Je faisais escale à Paris et j’avais su qu’une veillée était fomentée après la tombée de la nuit sur la place de la République. M’y voici. Ils sont quelques centaines, assis sagement sur deux terre-pleins de part et d’autre de la statue. Deux groupes, donc, serrés de près par une pléthore sidérante de gendarmes mobiles harnachés comme si planait une grave me nace de subversion, voire de révolution.
Je retrouve un ami impliqué dans le mouvement et je m’assois à ses côtés. Une sono diffuse une voix qui exhorte à la courtoisie vis-à-vis des policiers, puis lit un texte de Camus, un passage du Mystère de Jeanne d’Arc, de Péguy, une prédication de Martin Luther King relative aux lois respectables parce que justes et à celles qui ne le sont pas.
La voix s’interrompt, des mains s’agitent en guise d’applaudissements et une mélopée s’élève : l’Espérance, me dit mon ami, un chant scout. La plupart des Veilleurs sont jeunes ; certains brandissent un portrait de Gandhi pour attester de leur pacifisme. Ambiance recueillie, sous l’oeil perplexe des gendarmes habitués sans doute à des manifestants plus vindicatifs.
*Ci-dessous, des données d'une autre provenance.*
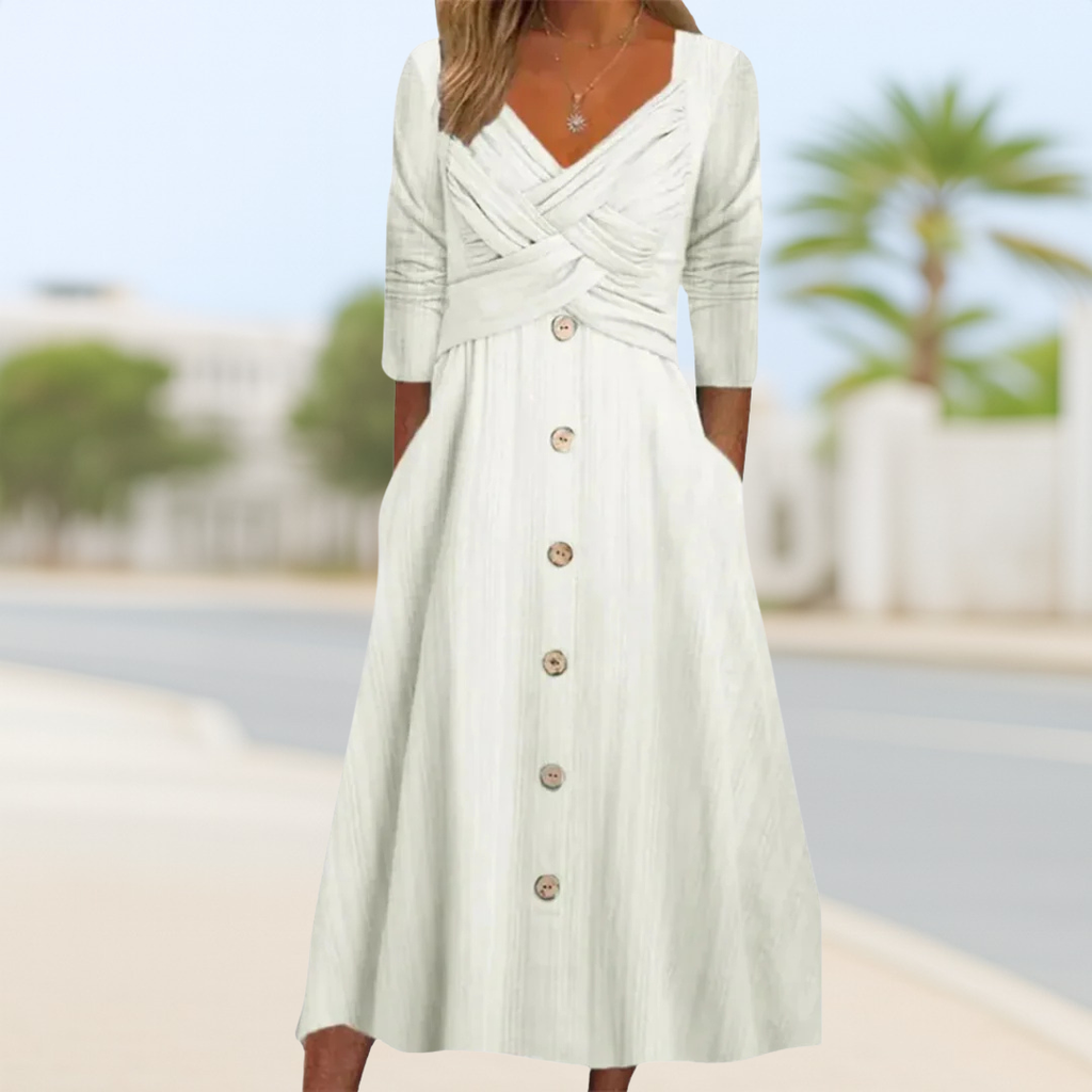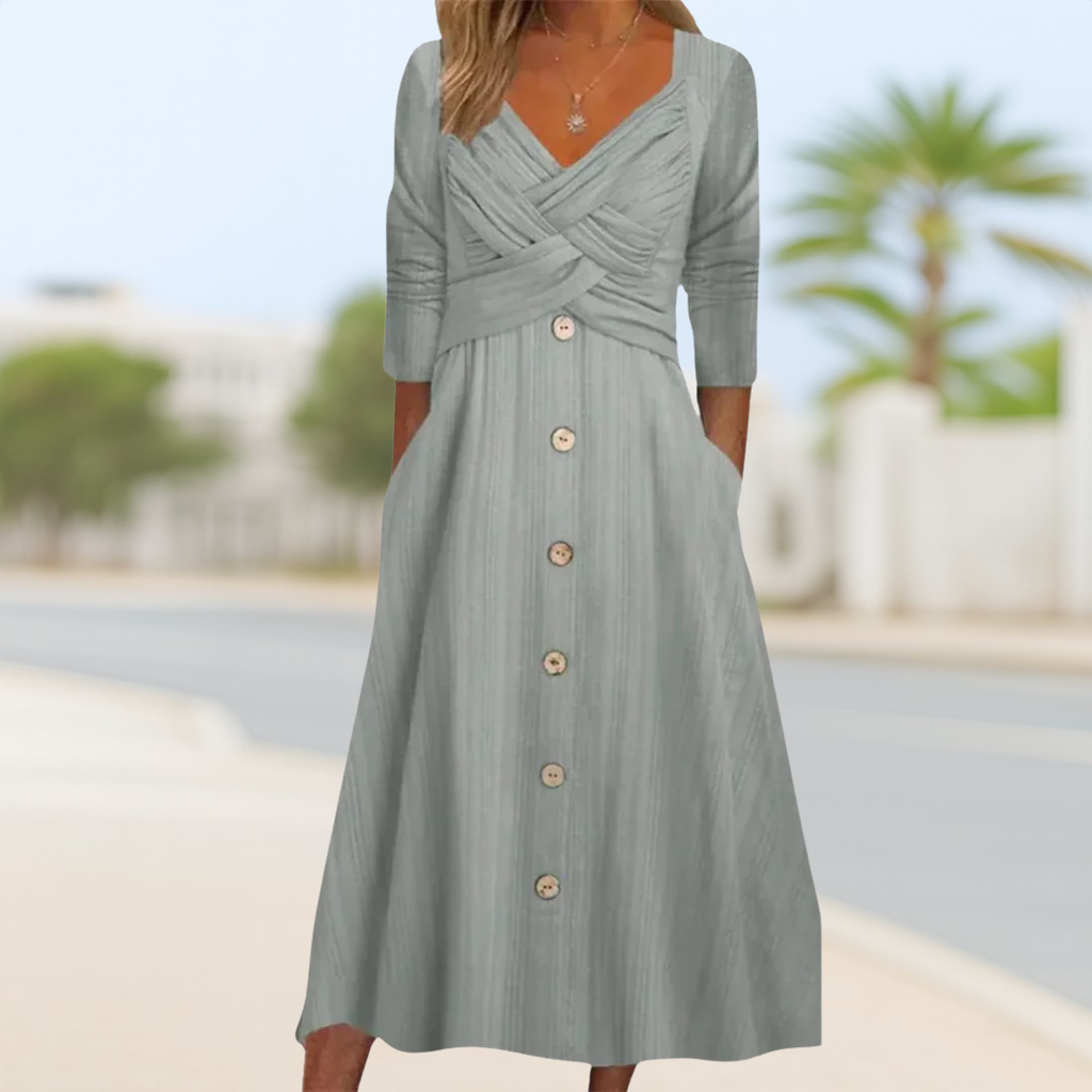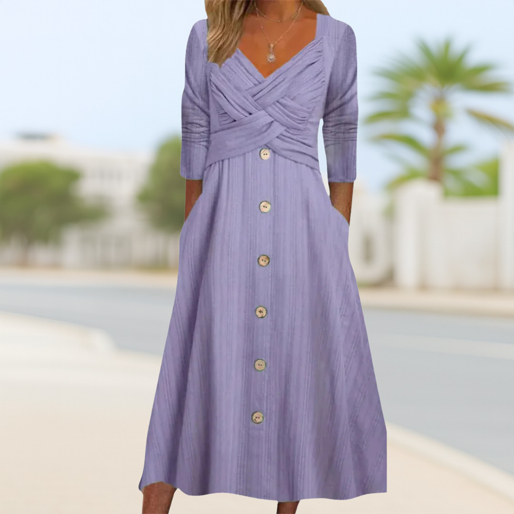Step into graceful ease with the Virginia Dress — a flattering, everyday maxi designed to move with you and flatter your shape without clinging. The gently gathered criss-cross bodice defines your waist while the flowing skirt offers breezy comfort from day to night. Whether you're heading to brunch, running errands, or meeting friends for coffee, this is the dress that makes it easy to look and feel your best.

L’un d’entre eux, barré de tricolore et muni d’un porte-voix, annonce une première sommation.
Impression qu’il improvise un rôle burlesque dans une comédie de Goldoni, car il manque un ennemi plausible dans son jeu de rôle. Les Veilleurs n’abîment rien et ne dérangent personne ; ils écoutent des textes dont les auteurs n’étaient ni des factieux ni des imprécateurs, encore moins des ultras. Péguy, Luther King… Ce qu’ils chantent n’a rien de martial. Soudain, se pointent une bonne vingtaine de cars de police. Les gendarmes serrent les rangs, nous sommes au sens propre sous leurs bottes. Contraste inouï entre cette débauche de moyens policiers et l’absence de la moindre présomption de désordre. Les chants reprennent, on se tient par les coudes, toujours aussi sagement. Seconde sommation.
De l’autre côté de l’avenue, un homme de cabinet dépêché par le préfet de police est venu parlementer. Des avocats ont rejoint ce groupe et prennent des photos. Du côté où je me trouve, les gendarmes commencent l’embarquement des Veilleurs. Dont mon ami. J’hésite. Je finis par rentrer chez moi avec la mauvaise conscience du déserteur.
SUITE
À 9 heures, le lendemain matin, cet ami m’appelle. Le panier à salade l’a largué avec ses frères d’infortune dans un commissariat où les attendait un régiment d’officiers de police judiciaire. Contrôle d’identité, fouille : on les a fait glander jusqu’à 4 heures du matin pour les humilier et les intimider, puis on les a relâchés. Le prétexte de cette flicomanie inepte, c’est l’interdiction d’un attroupement non autorisé. Aussi, devant le Palais de justice ou l’Assemblée nationale, des Veilleurs debout se plantent à 10 mètres les uns des autres, afin d’éviter le motif d’une interpellation. Mais les policiers reçoivent l’ordre de les pousser de sorte qu’ils forment un groupe. Alors on décrète l’attroupement et on embarque. Il y aurait de quoi rigoler si, au même moment, dans telle banlieue, des bandes innombrables de voyous ne semaient impunément la terreur. Ceux-là, les flics, les magistrats et les politiques en ont peur.
Outre la fébrilité infantile du pouvoir, cette mascarade trahit son arrogance et son mépris. Les Veilleurs sont plutôt croyants, en tout cas en quête de spiritualité ; ça suffit à les expédier dans l’enfer des “réacs”, alors qu’ils ne sont aucunement politisés. En revanche, ils sont déterminés et essaiment dans de nombreuses villes.
Le pouvoir a tort de miser sur leur lassitude : ce qu’ils ont réveillé dans l’inconscient de notre pays n’est ni médiocre ni anodin et promet de n’être pas éphémère. Si j’étais de la bande à Hollande, j’essaierais au moins de comprendre. C’est peut-être beaucoup leur demander. Pour l’heure, la lutte continue et l’honneur exige qu’on la soutienne, autant que la raison."